Dietitians conducted detailed nutritional assessments for ACLF patients, with a focus on disease severity [ACLF grade 1/2/3 per APASL criteria (2)] and organ failure status (hepatic, renal, coagulation, encephalopathy, circulatory). Energy requirements were set at 25–30 kcal/kg/day for ACLF Grade 1/2 and 20–25 kcal/kg/day for Grade 3, with a 10–15% increase for patients with hypermetabolism (12, 18). Macronutrient ratios were customized: protein intake ranged from 1.0–1.5 g/kg/day (35–40% as BCAAs for hepatic encephalopathy), carbohydrates accounted for 50–60% of total energy (slow-release formulations preferred), and fat (25–35% of total energy) included medium-chain triglycerides (MCTs) to enhance absorption (12). Special nutrients (glutamine, vitamin D, zinc, selenium) were supplemented based on deficiency status (18, 19). For ACLF grade 1 patients, oral diet was prioritized, with oral nutritional supplements (ONS) containing branched-chain amino acids (BCAAs, 0.8–1.0 g/kg/day) added if oral intake met <60% of basal metabolic rate (BMR).

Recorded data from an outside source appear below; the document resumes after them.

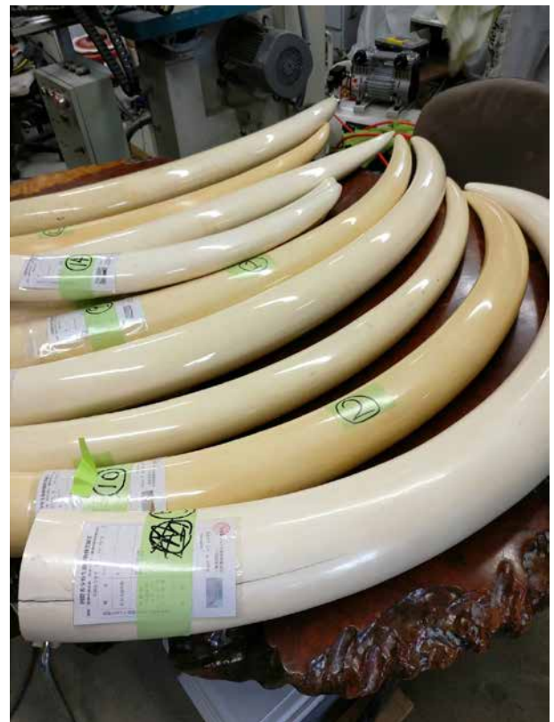
The whole tusks found in the workshop each had the relevant registration cards attached

She underscored, “In fact, it is easier for me if you buy a whole tusk. I can even give you discount on the cost for carving the tusk. All the rest of the parts after carving belong to you. You can take them and do whatever you want to do to them.” This indicates that customers who make an order for such ivory crafts are required to pay the cost for a whole tusk as well as the carving fee. The manager also stated, “I only buy ivory with original certification [registration card].” In fact, both the tusks in the retail shop as well as those in the workshop all had the relevant registration cards attached, as far as the investigators could tell. Certainly, this trader intended to comply with LCES when they bought the ivory as a raw material.
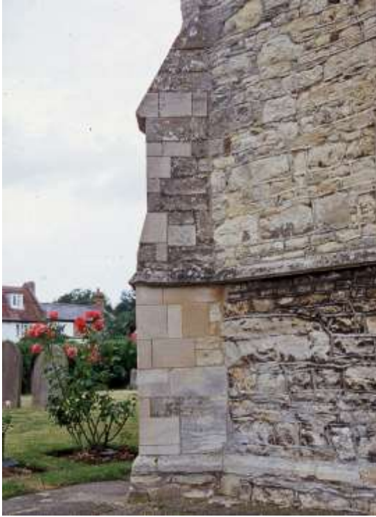
Figure 8: North Aisle Angle Buttress
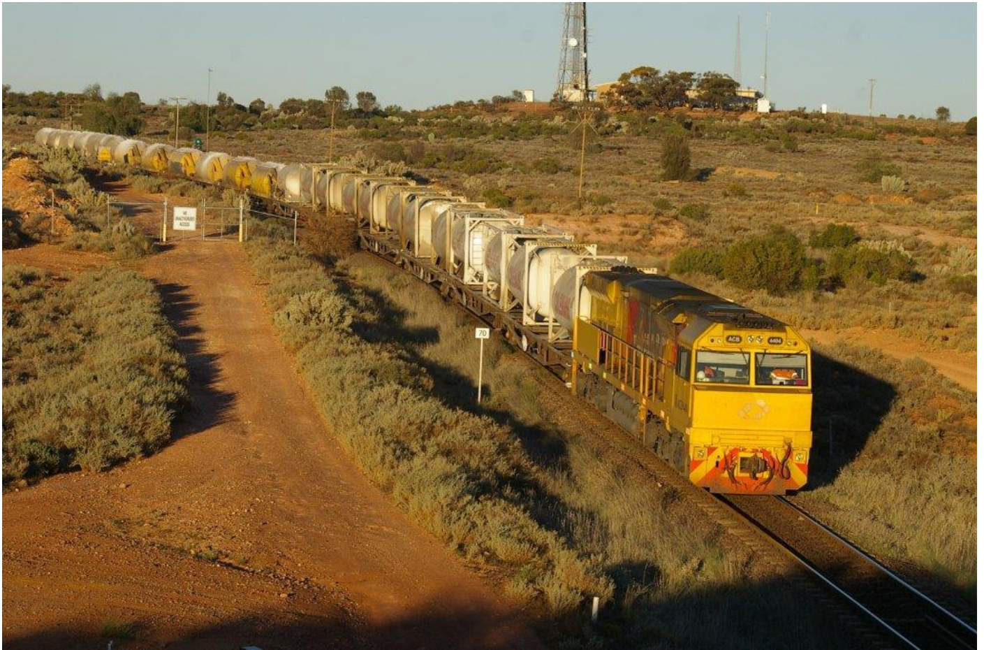
ACB4404 on 6C74 Parkeston shunter with empty cement/lime wagons at Kalgoorlie September 28th.
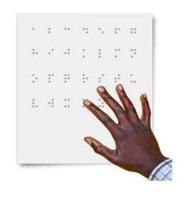
No tactile guidance
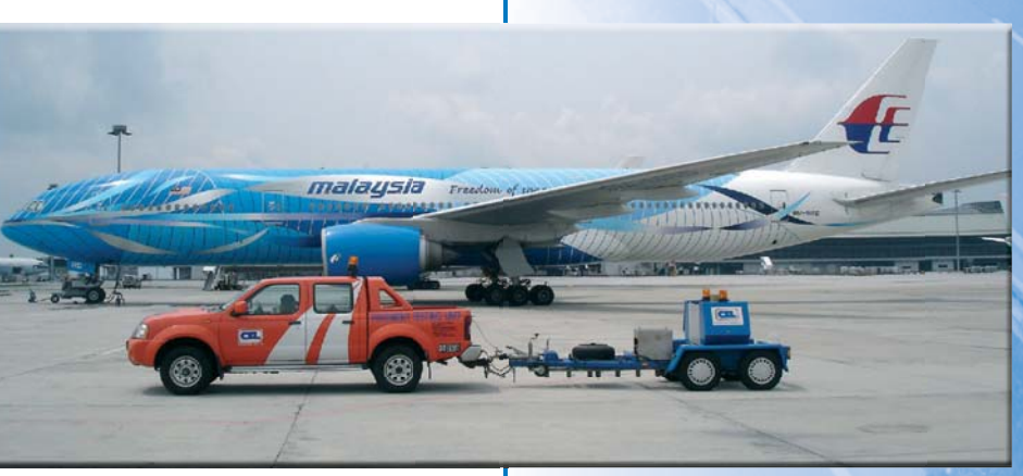
HEAVY WEIGHT DEFLECTOMETER

anticipated load/deflection measurements on even heavy pavements such as airfields and very thick highway pavements. The wider loading range also provides the consultant with a load/ deflection instrument appropriate for both roads and airfields as required.
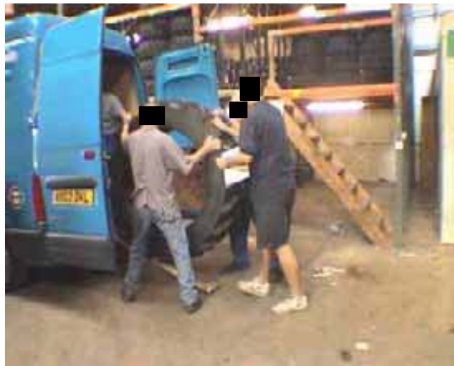
Figure 6. Loading an agricultural tyre.

At this site the wholesaler loads a fleet of small vehicles with a wide variety of new tyres from warehouse stock, for delivery to retailers on a set of routes. The routes are repeated each day, but the tyres transported vary considerably from day to day. The company have specified their own fleet of vehicles for the purpose. In particular, the vehicles have a low internal floor level (less than 500mm above ground level) which aids the loading and unloading process. The range of tyres transported varies from 1kg for pneumatic trolley tyres to 90-100kg for typical tractor tyres. The largest tractor tyre weighs over 170kg (520/85R38).
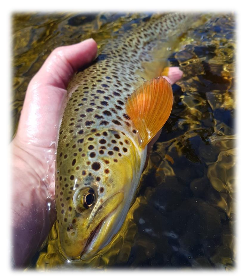
Oversize (10"+) Brown Trout catches from the Ettrick & Yarrow were above average during the 2020 trout fishing season.
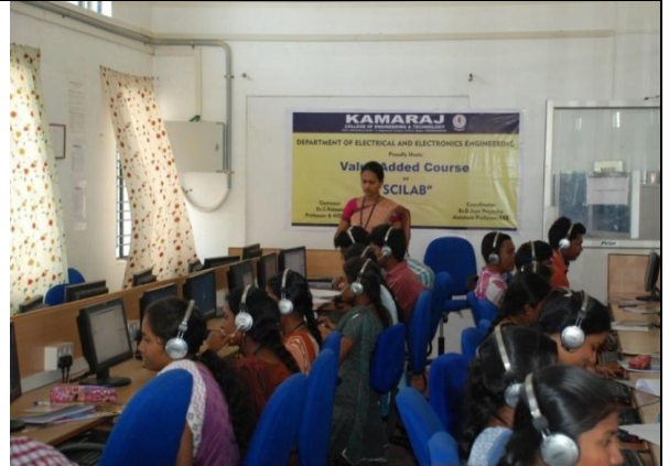
Spoken tutorial on SCILAB by IIT Bombay is conducted for 30 Numbers of II EEE Students.

For ACLF grade 2 patients, enteral nutrition (EN) via nasogastric tube was initiated within 48 h of admission, with a stepwise increase in BCAA dosage (1.0–1.2 g/kg/day) and routine supplementation of fat-soluble vitamins (A/D/E/K) and trace elements (zinc, selenium) to address malabsorption caused by hepatic dysfunction. For ACLF grade 3 patients, parenteral nutrition (PN) was combined with EN (if gastrointestinal tolerance allowed) to achieve a protein intake of 1.2–1.5 g/kg/day; glucose-lipid ratio was adjusted to 60:40 to reduce hepatic glucose overload, and glutamine (0.3 g/kg/day) was added to maintain intestinal barrier integrity and inhibit bacterial translocation. Daily gastrointestinal tolerance monitoring (gastric residual volume, stool frequency, symptoms) guided adjustments to infusion rate or composition. EN infusion was reduced by 20% for gastric residual volume >500 mL/6 h, and carbohydrate proportion was adjusted for hyperglycemia (18).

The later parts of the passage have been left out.